====== Given data

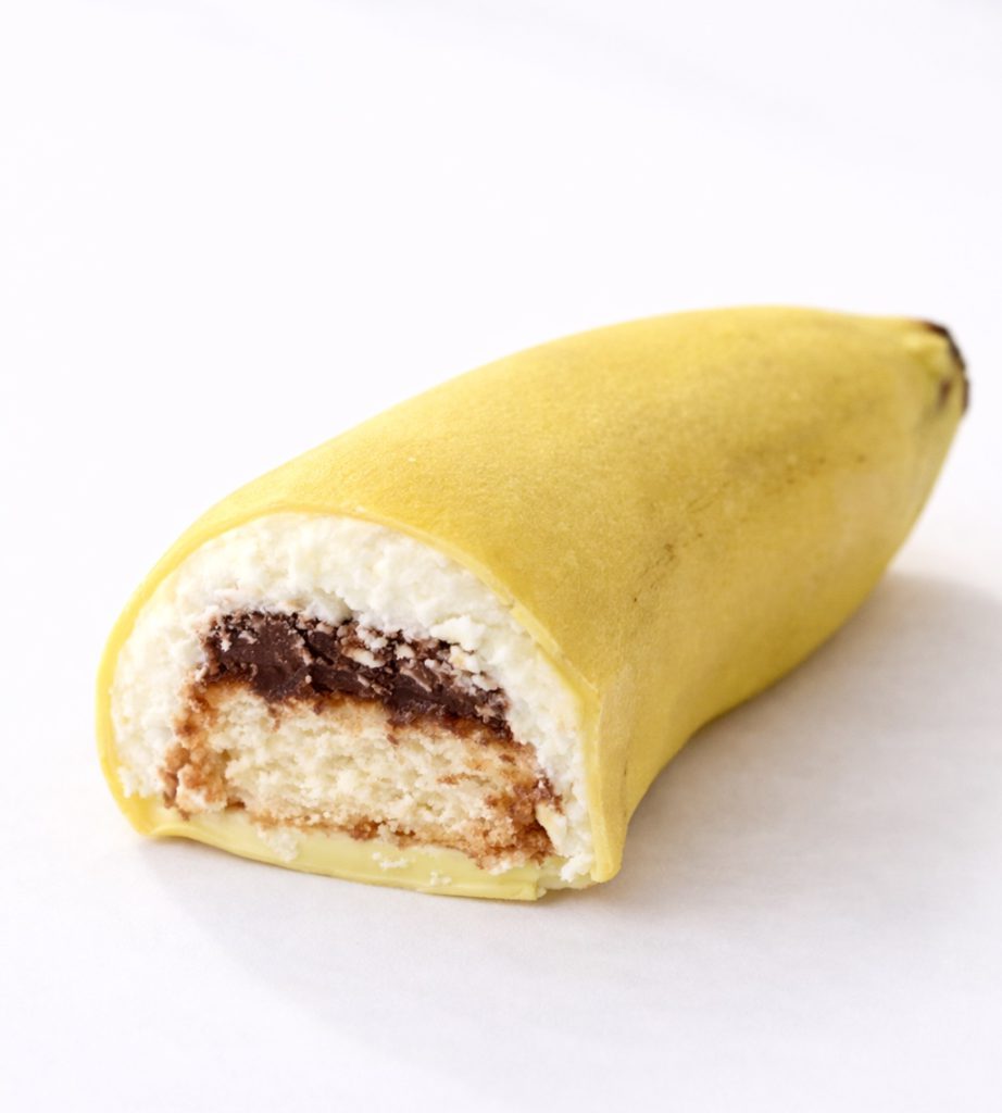 нежное корпусное пирожное в форме банана с тонкой шоколадной глазурью
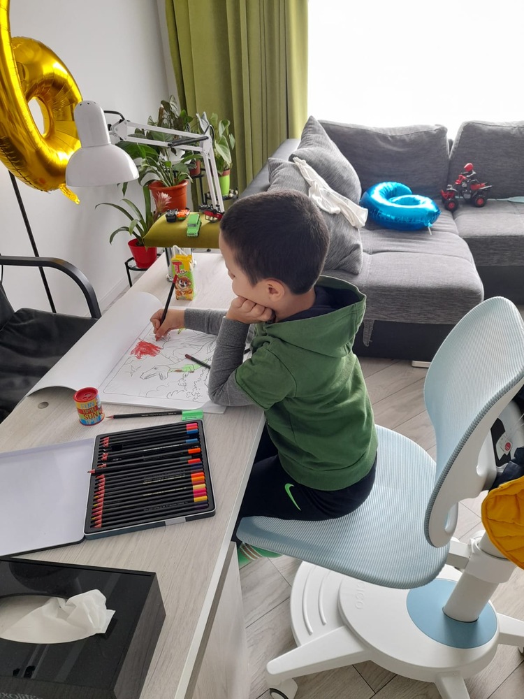 LE: am inteles ca asa e cel mai bine pentru copil fiindca nu "pleaca" scaunul in spate cand scrie. Este destul de incomod pana se aseaza copilul la birou, fiindca nu se poate trage mai aproape stand pe scaun, insa odata asezata postura este foarte buna.
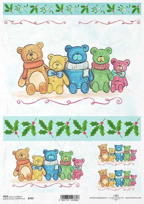 DECOUPAGE PAPIR RIŽEV A4,MEDVEDKI S ŠALI
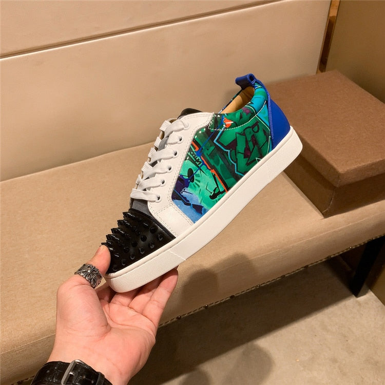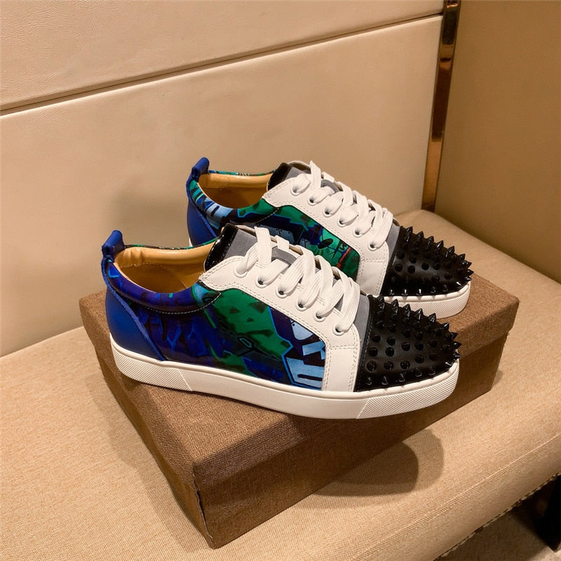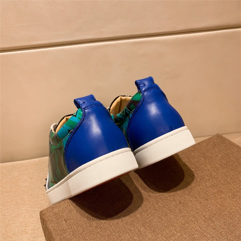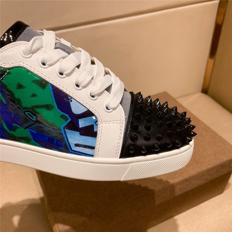 Get ready to take on your day in these trendy, stylish, comfortable women's sneakers. These lace-up sneakers are made of genuine leather and PU material. The rivets are decorated with geometric patterns. The shoes are a must-have for your wardrobe.
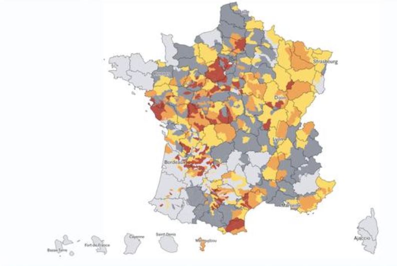Figure 2 : Carte des arrêtés de restriction d’eau en France au 12 septembre 2023 ; Source https://www.data.gouv.fr.
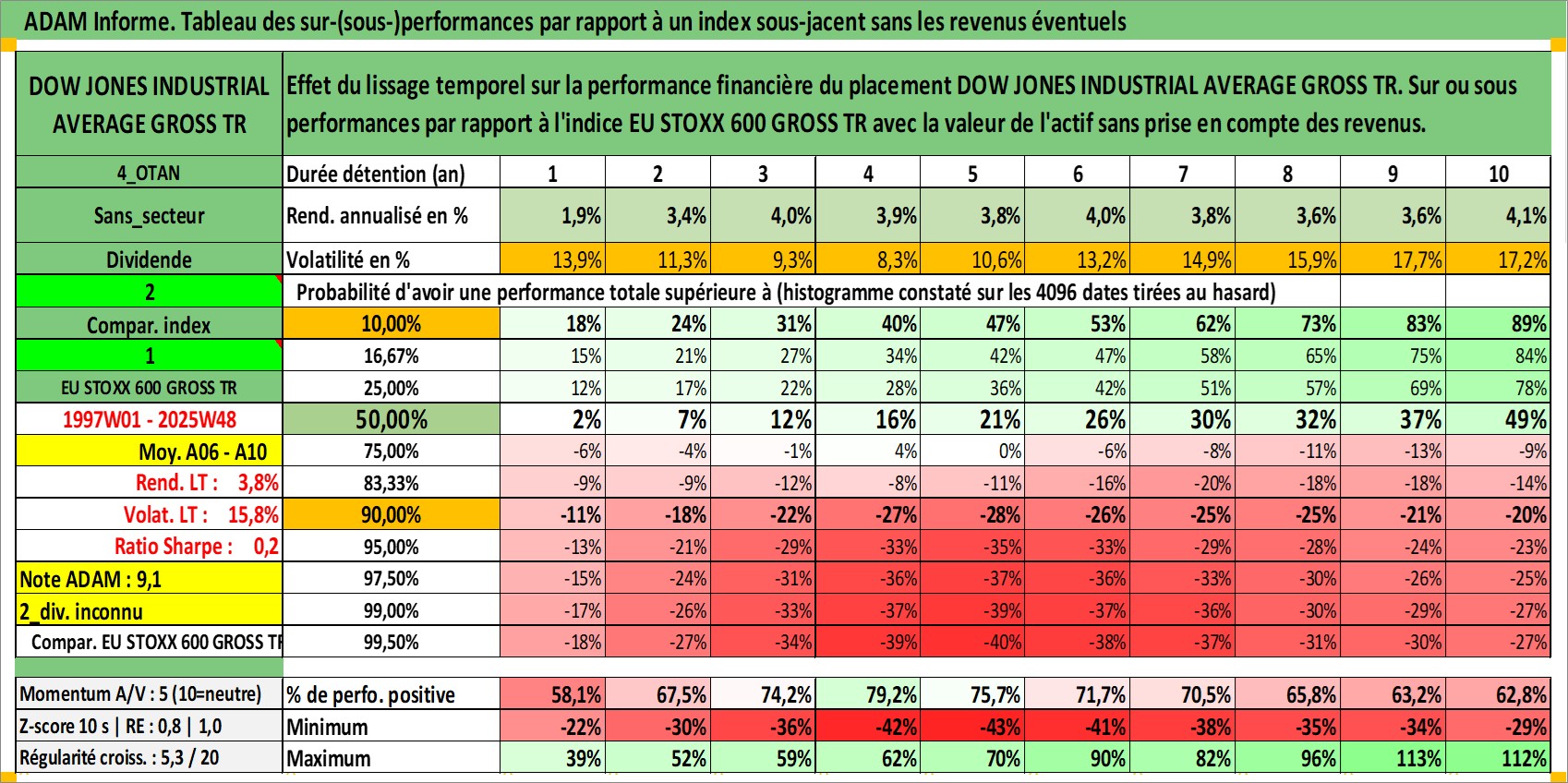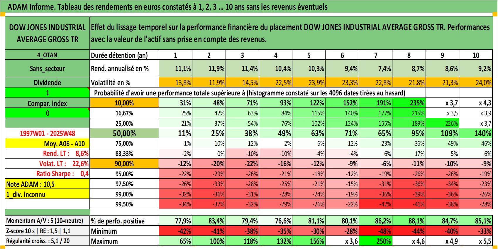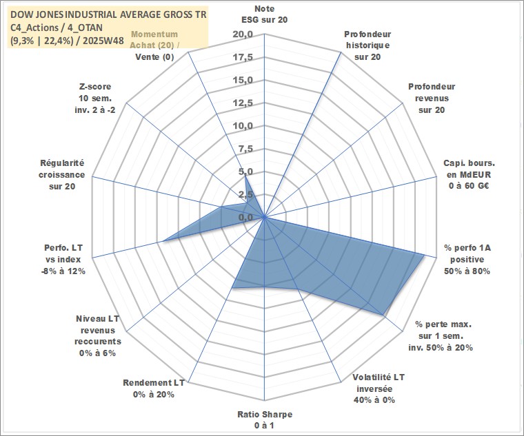 Site dédié aux investisseursPage dédiée sur site financeAnalyse des valorisations hebdomadaires de l'actif DOW JONES INDUSTRIAL AVERAGE GROSS TR. Cet actif est cote en USD. Les valorisations sont en contrevaleur EURO et couvrent les semaines 1997W01 a 2025W14. Les revenus de cet actif financier ne sont pas connus car non existants ou non disponibles sur le site Yahoo Finance. La note ESG de cet actif n'est pas connue.
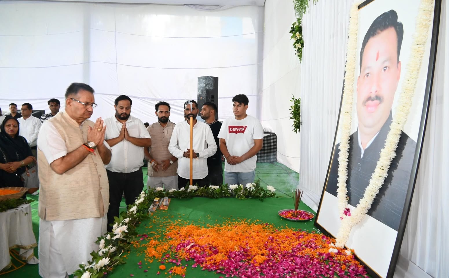 कैबिनेट मंत्री गणेश जोशी ने आज देहरादून के गुनियाल गांव स्थित बहुउद्देशीय भवन में पूर्व जिला पंचायत उपाध्यक्ष दिवंगत दीपक पुंडीर की श्रद्धांजलि सभा में प्रतिभाग किया। इस दौरान कैबिनेट मंत्री जोशी ने दिवंगत दीपक पुंडीर के चित्र पर पुष्पांजलि अर्पित कर उन्हें श्रद्धांजलि दी।
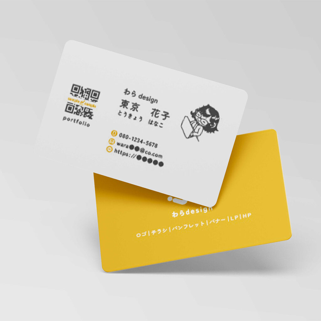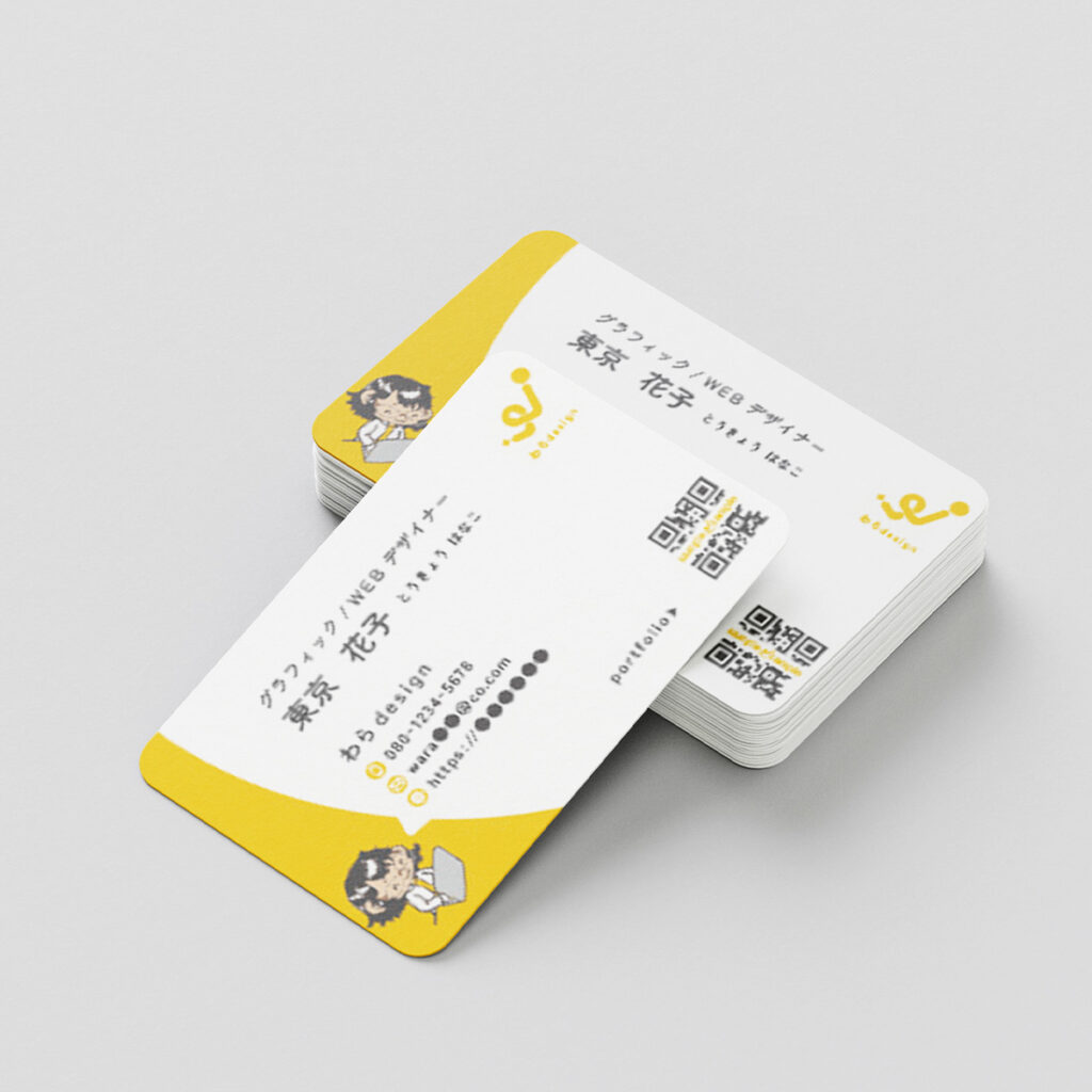 ロゴの柔らかさを活かした名刺顔を覚えていただけるように似顔絵も配置親しみ安さを感じていただくと共に文字の読みやすさを意識しました。ロゴと文字を合わせ、背景に吹き出しを配置しイラストが自己紹介をしているように作成しました。
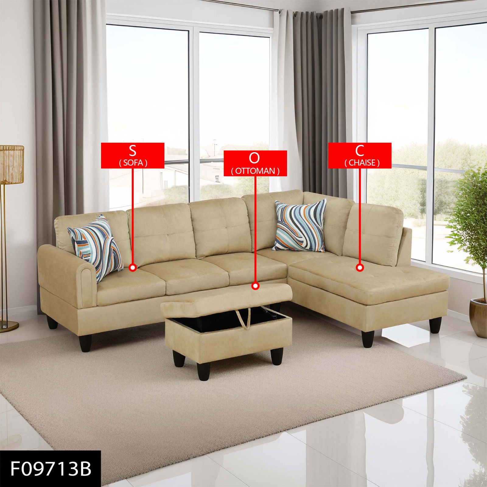 Pickup Only--Beige Flannel 3-Piece Living Room Sofa Set
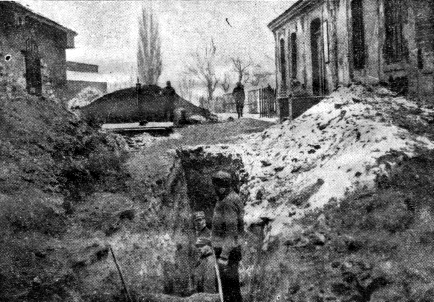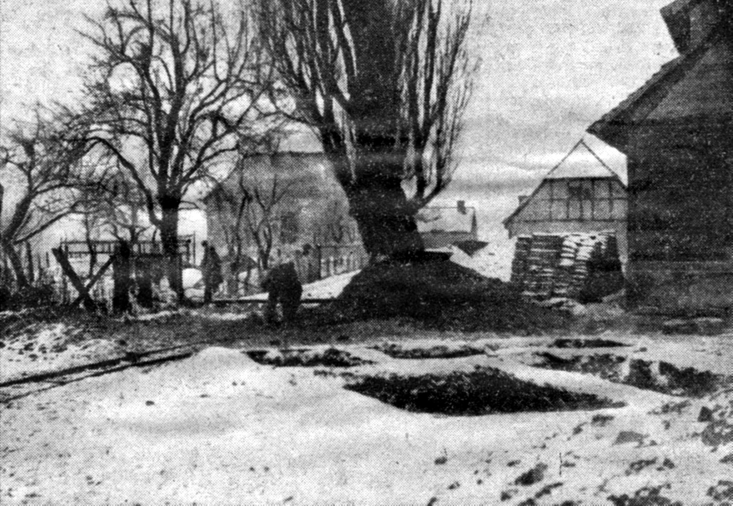 | Abb. 11 und 12: Der Dornburger Kantor Ulrich fügt seiner Dorfchronik einige Fotos bei (Abb. 1-7 und 9-12), die ihm „für getätigte Mithilfe freundlichst übermittelt wurden.“10 Auf den Fotos vom Beginn der Grabung im Januar 1933 ist gut zu erkennen, dass nur zwischen den Gebäuden der Ziegelei gegraben werden konnte. | |
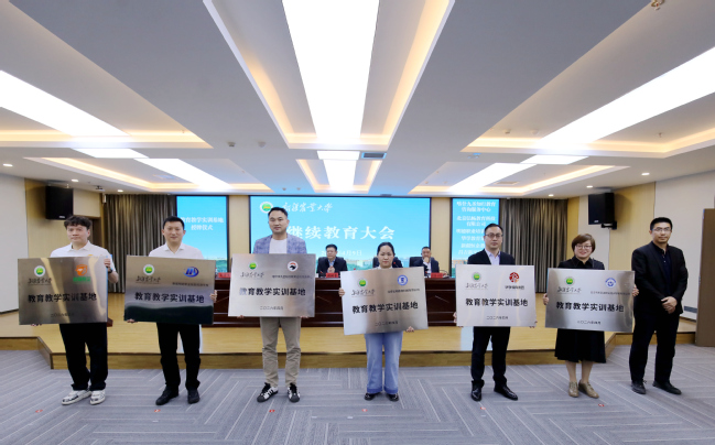 教育教学实训基地授牌仪式上,校党委副书记、副校长董朝霞为新疆中泰(集团)有限责任公司、九圣禾种业股份有限公司、新疆农牧业投资(集团)有限责任公司授牌;校党委常委、组织部部长刘岸杰为喀什九圣知行教育咨询服务中心、北京弘畅教育科技有限公司、新疆明德职业技能培训学校、华学教育集团、新疆恒企教育、昌吉市新至诚职业培训学校授牌。九家合作企业正式成为学校继续教育教学实训基地。
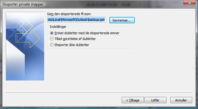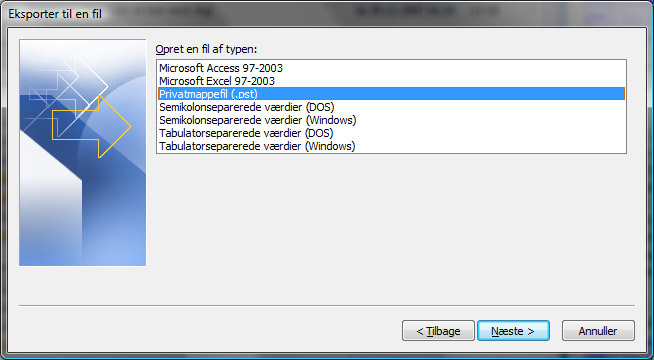 3. Vælg nu punktet Privatmappefil (.pst)
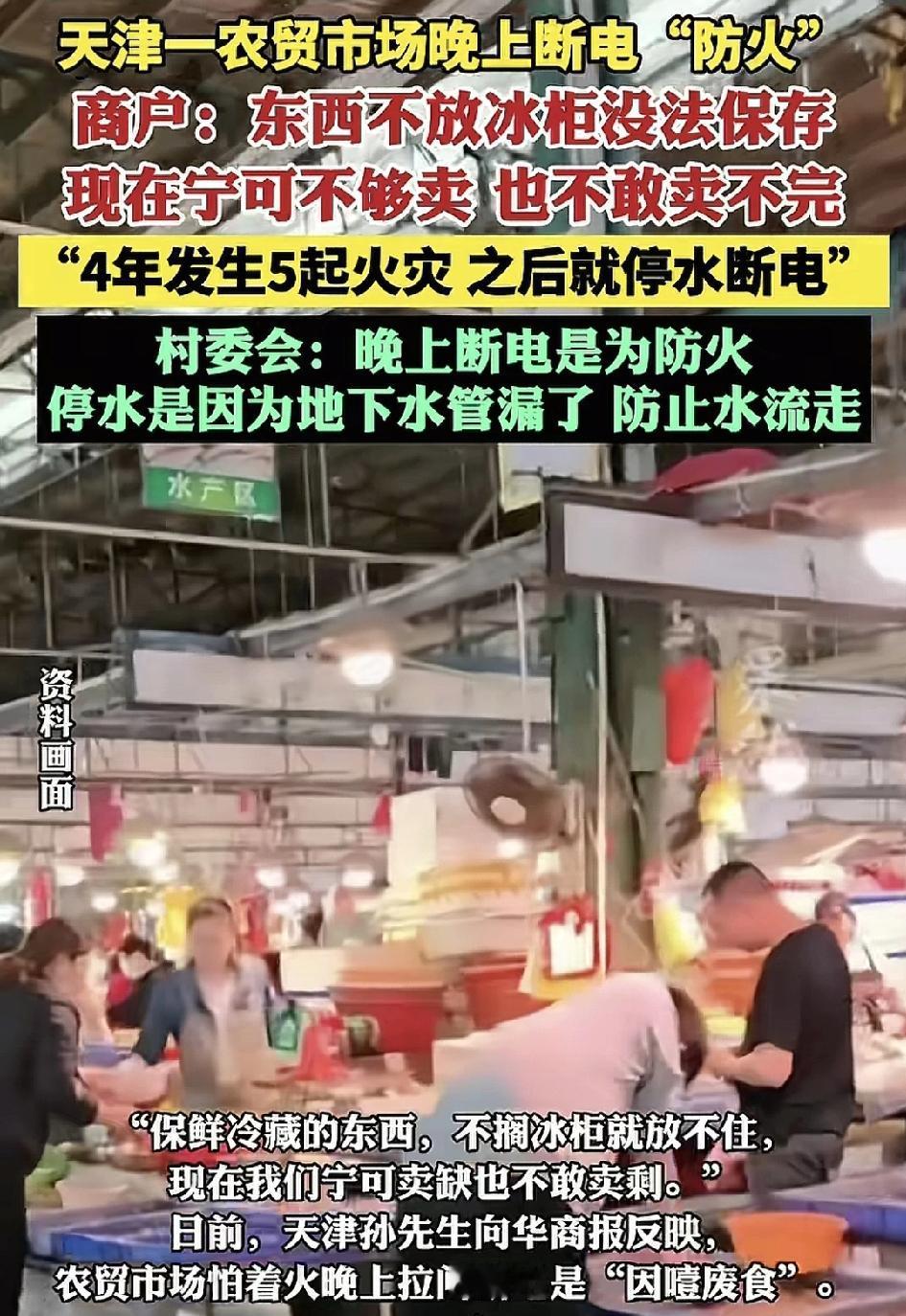 天津一农贸市场因为防火完上整个市场断电,不少商户宁愿平时的货不够卖,也不敢存货过多,因为没冰箱根本就不能放菜和肉。商户称4年来市场发生了五起火灾,有一次是大年三十晚上7点着火,整一个2区都被烧剩下空架。不少网友戏称这是“因噎废食”。因为怕出问题而干脆不干了,管理层是否要考虑把市场的电路重新更换,或者是24小时有人值班?毕竟菜市场每个店铺没有电真的很不方便。

============

**Work instructions:** Apart from the pictures, every line of the material above is to be returned word for word.

**Reply to the exercise:**
 нежное корпусное пирожное в форме банана с тонкой шоколадной глазурью
 LE: am inteles ca asa e cel mai bine pentru copil fiindca nu "pleaca" scaunul in spate cand scrie. Este destul de incomod pana se aseaza copilul la birou, fiindca nu se poate trage mai aproape stand pe scaun, insa odata asezata postura este foarte buna.
 DECOUPAGE PAPIR RIŽEV A4,MEDVEDKI S ŠALI
 Get ready to take on your day in these trendy, stylish, comfortable women's sneakers. These lace-up sneakers are made of genuine leather and PU material. The rivets are decorated with geometric patterns. The shoes are a must-have for your wardrobe.
Figure 2 : Carte des arrêtés de restriction d’eau en France au 12 septembre 2023 ; Source https://www.data.gouv.fr.
 Site dédié aux investisseursPage dédiée sur site financeAnalyse des valorisations hebdomadaires de l'actif DOW JONES INDUSTRIAL AVERAGE GROSS TR. Cet actif est cote en USD. Les valorisations sont en contrevaleur EURO et couvrent les semaines 1997W01 a 2025W14. Les revenus de cet actif financier ne sont pas connus car non existants ou non disponibles sur le site Yahoo Finance. La note ESG de cet actif n'est pas connue.
 कैबिनेट मंत्री गणेश जोशी ने आज देहरादून के गुनियाल गांव स्थित बहुउद्देशीय भवन में पूर्व जिला पंचायत उपाध्यक्ष दिवंगत दीपक पुंडीर की श्रद्धांजलि सभा में प्रतिभाग किया। इस दौरान कैबिनेट मंत्री जोशी ने दिवंगत दीपक पुंडीर के चित्र पर पुष्पांजलि अर्पित कर उन्हें श्रद्धांजलि दी।
 ロゴの柔らかさを活かした名刺顔を覚えていただけるように似顔絵も配置親しみ安さを感じていただくと共に文字の読みやすさを意識しました。ロゴと文字を合わせ、背景に吹き出しを配置しイラストが自己紹介をしているように作成しました。
 Pickup Only--Beige Flannel 3-Piece Living Room Sofa Set
 | Abb. 11 und 12: Der Dornburger Kantor Ulrich fügt seiner Dorfchronik einige Fotos bei (Abb. 1-7 und 9-12), die ihm „für getätigte Mithilfe freundlichst übermittelt wurden.“10 Auf den Fotos vom Beginn der Grabung im Januar 1933 ist gut zu erkennen, dass nur zwischen den Gebäuden der Ziegelei gegraben werden konnte. | |
 教育教学实训基地授牌仪式上,校党委副书记、副校长董朝霞为新疆中泰(集团)有限责任公司、九圣禾种业股份有限公司、新疆农牧业投资(集团)有限责任公司授牌;校党委常委、组织部部长刘岸杰为喀什九圣知行教育咨询服务中心、北京弘畅教育科技有限公司、新疆明德职业技能培训学校、华学教育集团、新疆恒企教育、昌吉市新至诚职业培训学校授牌。九家合作企业正式成为学校继续教育教学实训基地。
 3. Vælg nu punktet Privatmappefil (.pst)
 天津一农贸市场因为防火完上整个市场断电,不少商户宁愿平时的货不够卖,也不敢存货过多,因为没冰箱根本就不能放菜和肉。商户称4年来市场发生了五起火灾,有一次是大年三十晚上7点着火,整一个2区都被烧剩下空架。不少网友戏称这是“因噎废食”。因为怕出问题而干脆不干了,管理层是否要考虑把市场的电路重新更换,或者是24小时有人值班?毕竟菜市场每个店铺没有电真的很不方便。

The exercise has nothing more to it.